Exercise 3 in Section 7.11 of Apostol's Calculus (Vol. 1) little o-notation

Question

The problem is stated as:

Find the polynomial $P(x)$ of minimal degree such that $$ \sin(x-x^2)=P(x)+o(x^6)\quad \textrm{as }x\to 0. $$

and the answer in the book is

$$ P(x)=x-x^2-\frac{x^3}{6}+\frac{x^4}{2}-\frac{59x^5}{120}+\frac{x^6}{8} $$

I am wondering why the answer cannot be

$P(x) = x-x^2$

Since we can use the fact that $\sin(x-x^2) = x-x^2 + o((x-x^2)^2)$ as $x \to 0$

And we know that $o((x-x^2)^2) = o(x^5) = o(x^6)$ as $x$ goes to zero.

Then why is the answer from the back of the book not equal to $x-x^2$??

Answer 1

Note that one has $o(x^6)=o(x^5)$ (as $x\to 0$), but not $o(x^5)=o(x^6)$.

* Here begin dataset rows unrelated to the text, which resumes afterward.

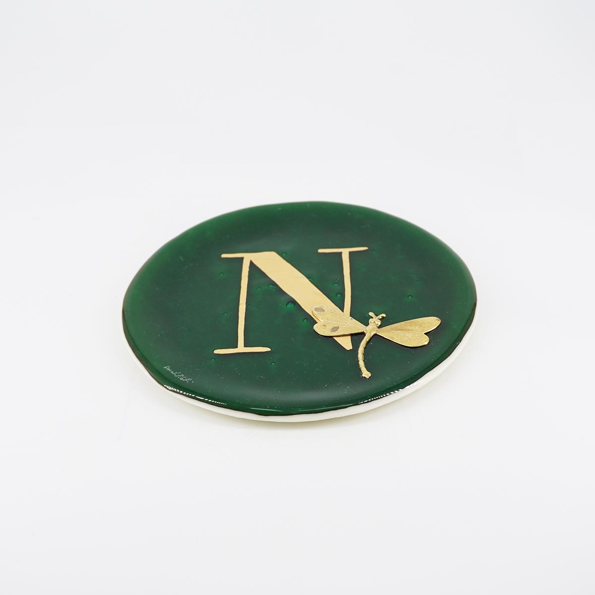 Piatto lettera e charm N GIADA
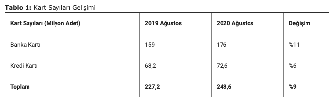 Bankalararası Kart Merkezi (BKM), 2020 yılının ağustos ayına ilişkin verilerini açıkladı. BKM'nin verilerine göre, ağustos ayı sonunda Türkiye'de 72,6 milyon adet kredi kartı, 176 milyon adet banka kartı kullanılıyor. 2019 yılının ağustos ayı ile kıyaslandığında kredi kartı sayısında yüzde 6'lık, banka kartı sayısında ise yüzde 11'lik artış görülüyor. Toplam kart sayısı ise 248,6 milyon adede ulaşarak geçen yılın aynı dönemine göre yüzde 9 oranında artış gösterdi.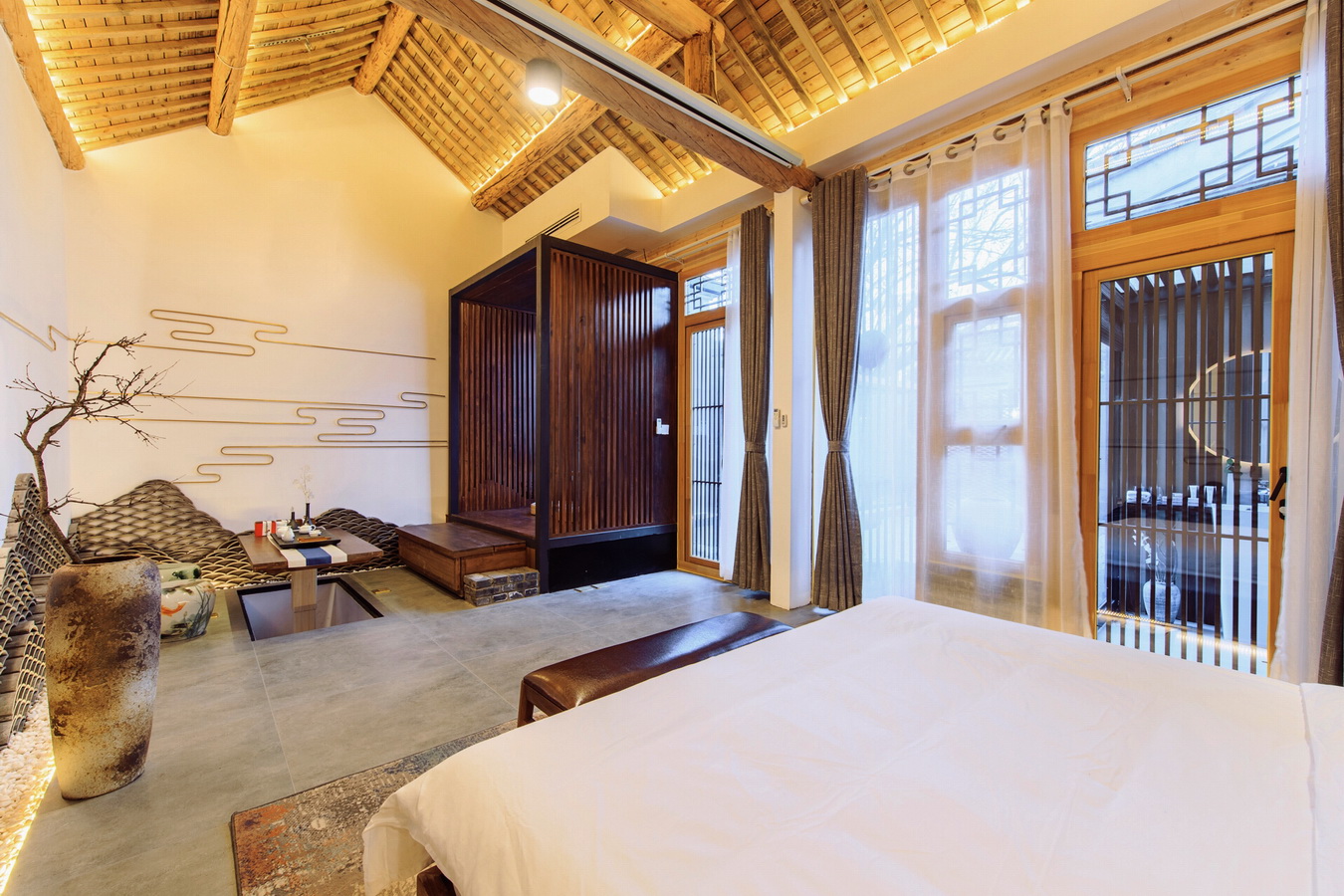 改造后的小院包括兩套客房、一間公共廚房和一間禪茶室(拆舊建新)。外立面除加建部分外延續(xù)了原初房屋的色彩與細(xì)部做法。將原先的窗型、窗臺(tái)等元素拆解、分配與重組,與新的肌理混合構(gòu)成新的建筑立面。

Also, $o((x-x^2)^2)=o(x^5)$ is incorrect: one has $\lim_{x\to 0}\frac{x^5}{(x-x^2)^2}=0$ but $\lim_{x\to 0}\frac{x^5}{x^5}=1$. In general, $o(f(x))=o(g(x))$ does NOT imply that $o(g(x))=o(f(x))$ as discussed in an answer to another question of yours.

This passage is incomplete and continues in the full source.